Shani's debut book, Our Fatal Magic (ISBN 9781907222818), collects texts from the DC Productions project. The book moves between "genres of horror, sci-fi, and smut, all produced with pulp".

== Selected other works ==
'Moans of approaching Death from unsatisfied Desire and other physical manifestations of Lovesickness', performed by Francesca Cluny at Tate Modern, 24 June 2016, within the Painting With Light exhibition.

Tai Shani collaborated with Let's Eat Grandma and Maya Lubinsky to produce "Mystical Best Friend, A Miracle Play" as part of the Miracle Marathon festival at the Serpentine Sackler Gallery 8–9 Oct 2016.

In 2019–2020 Rafael Barber Cortell at CentroCentro, Madrid, Spain, commissioned Shani and Florence Peake to produce work as a pair as part of the curatorial project Absolute Beginners. Shani and Peake built upon their collaborative piece Andromedan Sad Girl, which was presented for the first time at Wysing Arts Centre in 2017. The work seeks to "imagine fluid mythologies capable of representing non-hierarchical civilizations through a series of sculptures and mural paintings".

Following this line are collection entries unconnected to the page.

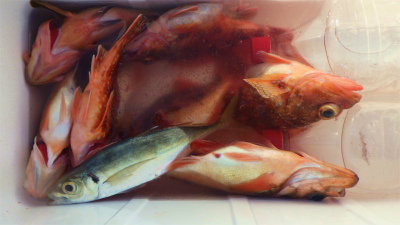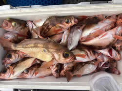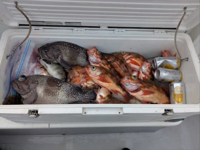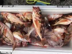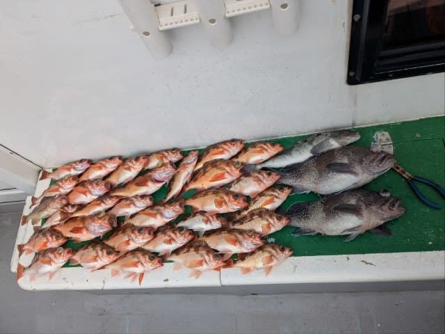 アラ 中深海アカムツ、アラにて出船。 猛暑が予想されましたが、 ポイントは南風が心地よい 釣り日和となりました。 メバル、アラがポツポツでした。 風が凪て来ると当たりも失速。 暑さも厳しくなり 予定時間丁度の沖上がりと、 なりました。 厳しい状況の中、 ラストまで頑張って頂き、 有難うございました。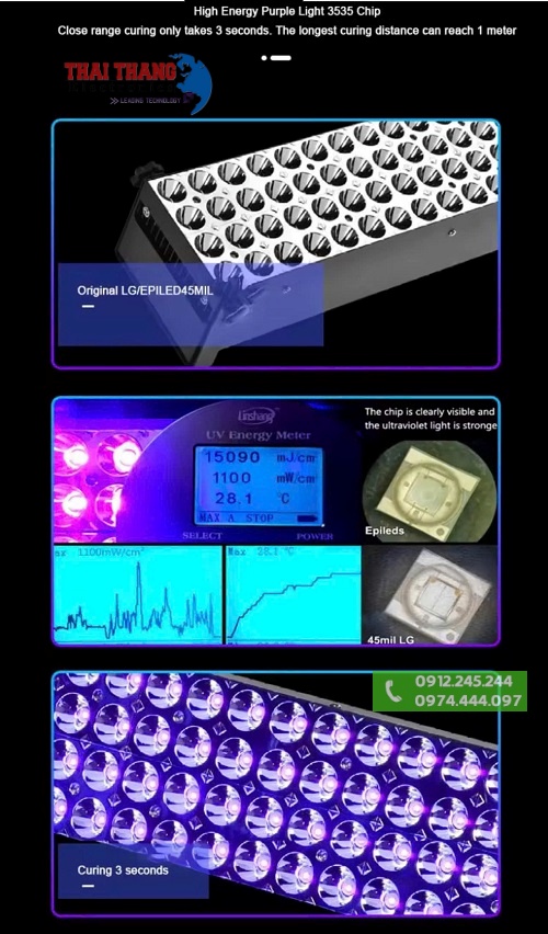 Đèn UV công suất cao Winning light D3280 Nguồn sáng lạnh,nhiệt độ bề mặt của vật thể được chiếu sáng tăng chậm,giải quyết vấn đề tỏa nhiệt cao làm ảnh hưởng đến bề mặt trang thiết bị,đồ dùng,tiêu thụ năng lượng thấp,công suất đạt 100w cho bước sóng uv 405nm,cường độ chiếu xạ 1200 mW/cm²,góc chiếu rộng 120 độ tăng hiệu quả quét bao phủ bề mặt,đặc biệt hiệu quả làm nhanh khô keo,sơn trong sản xuất,sửa ... |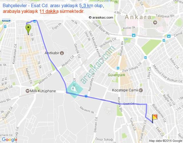 Bahçelievler - Esat Cd. arası yaklaşık olarak 90 km/h ile yukarıda belirtilen sürede olup, iki yerin kuş uçuşu uzaklığı (mesafesi) 4'dir. Yolculuk otobüsle 14 dakika sürmektedir.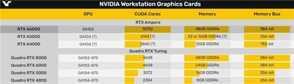 早在去年三季度,NV就发布了基于30系列安培架构的**专业卡“RTX A6000”,这是一颗基于GA102完整核心研发的产品,搭载了48GB的 GDDR6显存,并且拥有最多4个DP 1.4输出接口,当然,售价也是不菲的,售价约为5.5万美元。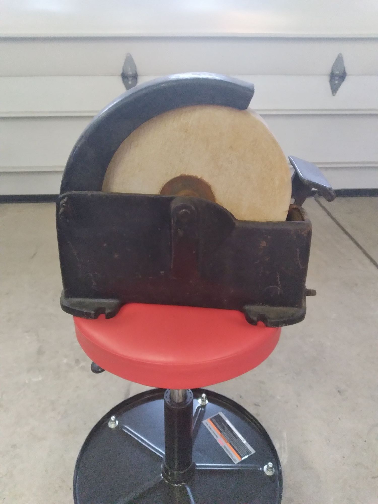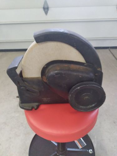bench grinder, knife maker, blacksmith tool, wet stone grinder, 10", model is the gear drive to belt to motor system, 10"x 1-1/2" original sand stone wheel is in excellent condition, machine is all original, no cracks or fractures in the cast iron machine, tool holder and wheel cover, drain plug removes easily to drain water, very heavy duty. +(W.WYOMING) Make offer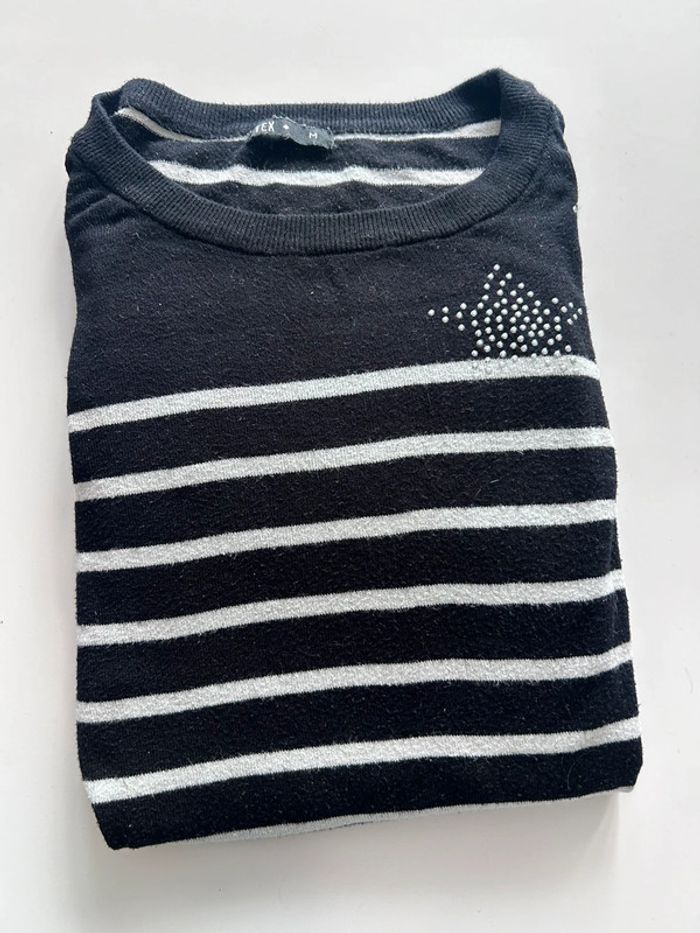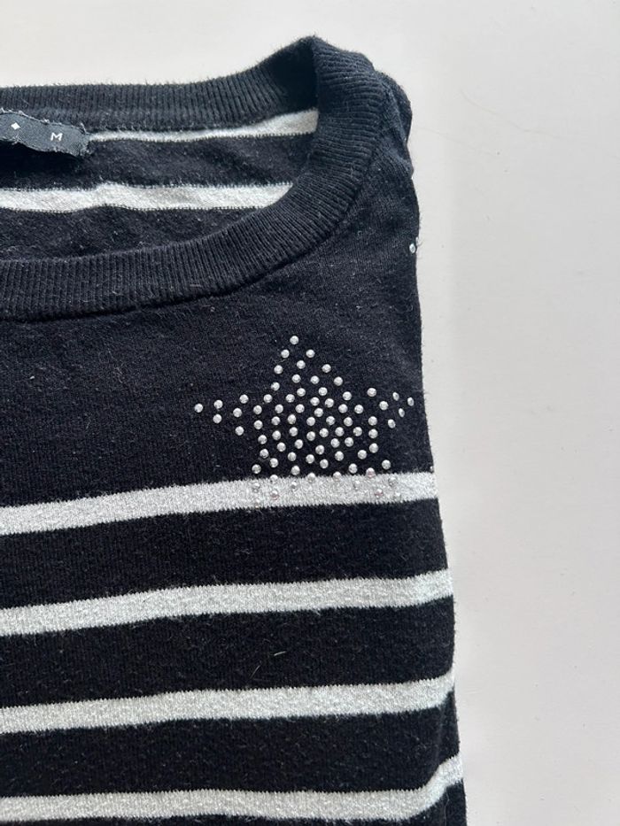 Pull TEX – Taille M – Rayures & Détails Chics - Chemise, Étoiles en strass - photo numéro 1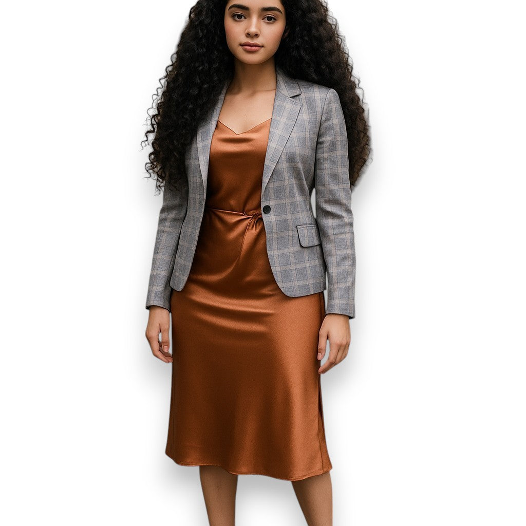 Vestido tipo slip dress con tirantes finos, confeccionado en tejido ligero y fluido, que se ajusta suavemente al cuerpo para un look elegante y cómodo.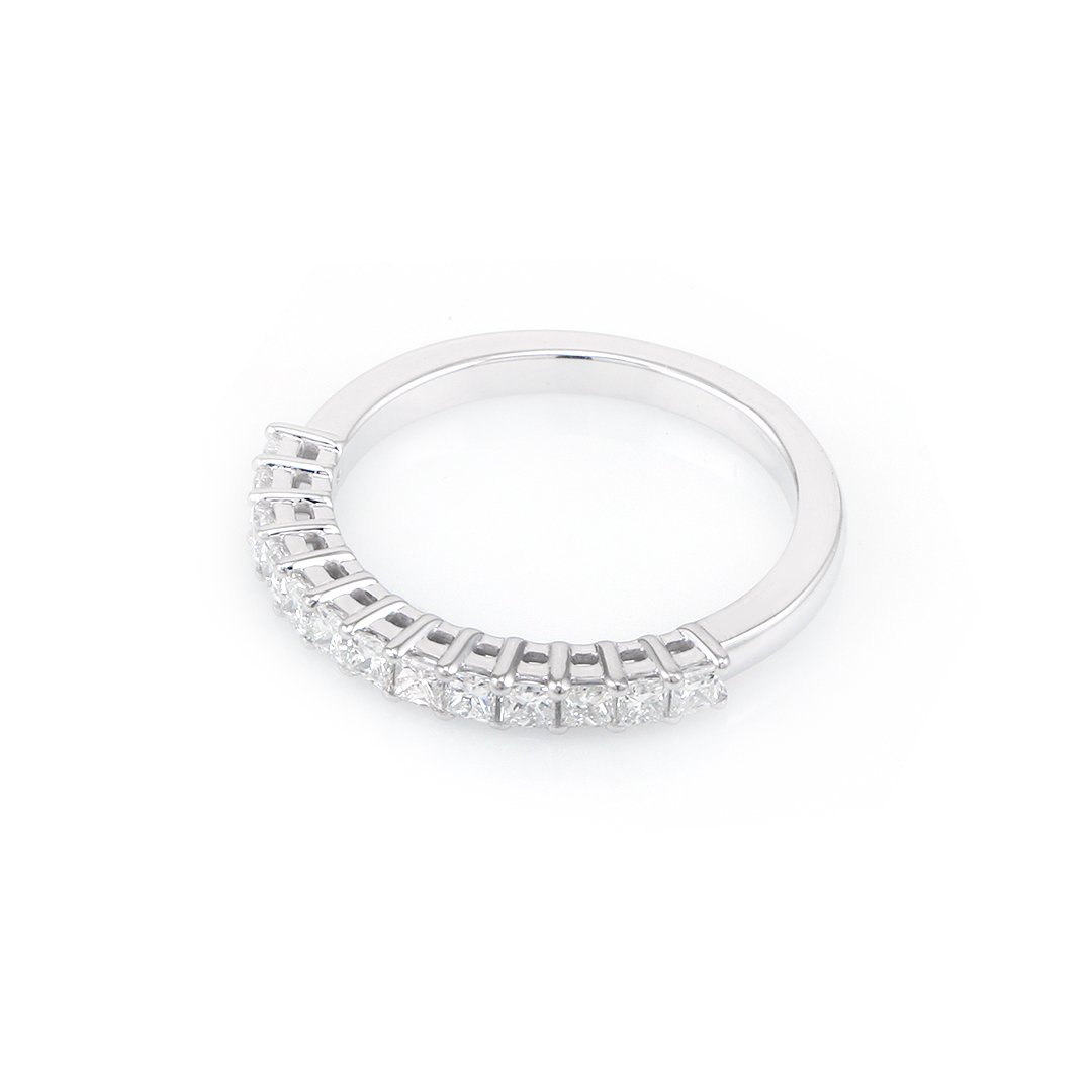 18k White Gold Diamond Band with 13 Princess Cut Diamonds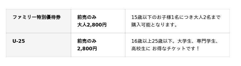 また、15歳以下のお子さまと一緒にご来場されるファミリー向けチケットや、16歳~25歳の方を対象としたU-25チケットを特別価格2,800円で販売中です。
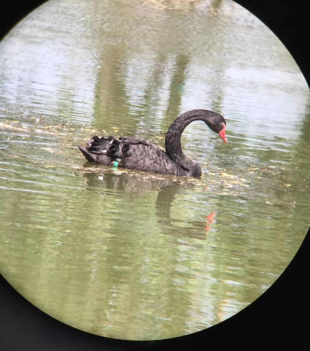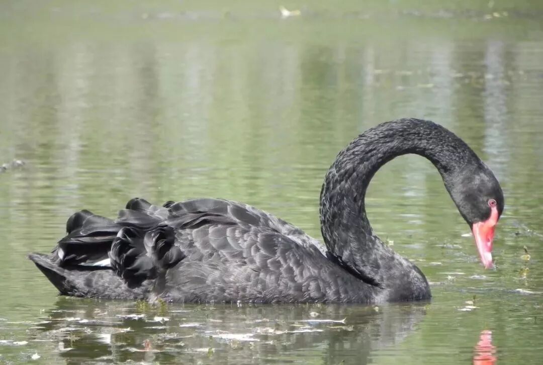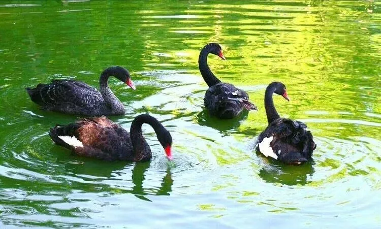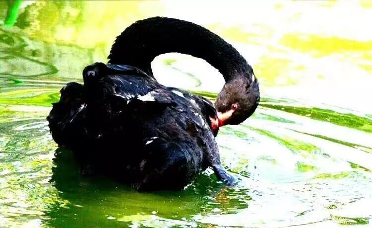 黑天鹅(学名:Cygnus atratus):是鸭科天鹅属的一种大型游禽,体长110-140厘米;翼展160-200厘米;体重3.7-8.75千克。具有天鹅种类中最长的脖子。这个细长的脖子通常呈“S”形拱起或直立。全身羽毛卷曲,体羽斑点闪烁,主要呈黑灰色或黑褐色,腹部为灰白色,飞羽为白色。尾长而分叉,外侧羽端钝而上翘形似竖琴。 大家在观赏的时候 可不要抓、摸、喂食黑天鹅 别把它们吓到哦! 希望大家文明观鸟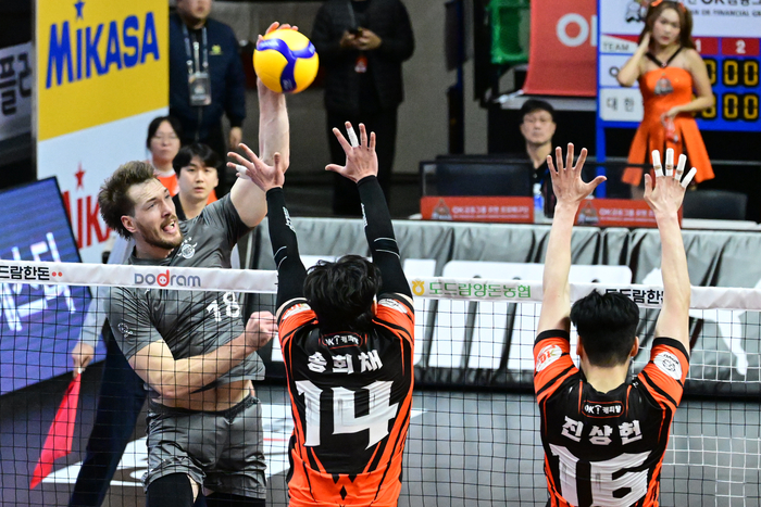 이날로 승점3을 추가한 대한항공은 선두 우리카드(승점 22·8승1패)와 승점 타이를 이뤘다. 다만 승수에서 뒤진 2위(7승3패) 유지다.

Shani was commissioned along with her fellow Turner Prize winners Lawrence Abu Hamdan, Helen Cammock, and Oscar Murillo to create a site specific piece at the Anteros statue, Picadilly Circus, London UK. However, the project did not come to fruition after organisers rejected the mentions of Palestine in the proposed work. Shani writes that the artists were responding to the history of the statue: "built in the late nineteenth century, [it] commemorates the 7th Earl of Shaftesbury, who was instrumental in the colonisation of Palestine". Shani has further written on how the art world can adopt techniques of boycott, divestment, and sanctions to support Palestine.

In 2025, Shani presented The Spell or The Dream at Somerset House, London, a ten-metre-tall sculpture of a reclining blue figure encased in a glass vitrine. The work was accompanied by The Dream Radio, a temporary broadcast featuring contributions from artists, writers, and academics including Yanis Varoufakis, Brian Eno, Hannah Black, and the Palestinian Sound Archive.

== Awards ==
Tai Shani and her fellow shortlisted artists Lawrence Abu Hamdan, Helen Cammock, and Oscar Murillo were jointly awarded the Turner Prize in 2019 after they wrote to the judges as a collective. In their letter the artists explained their decision: "The politics we deal with differ greatly, and for us it would feel problematic if they were pitted against each other, with the implication that one was more important, significant or more worthy of attention than the others."

== Personal life ==
Shani was born in the UK. She was raised in Goa, India, before moving to Brussels to attend a private school at the age of 12. She is of Jewish descent.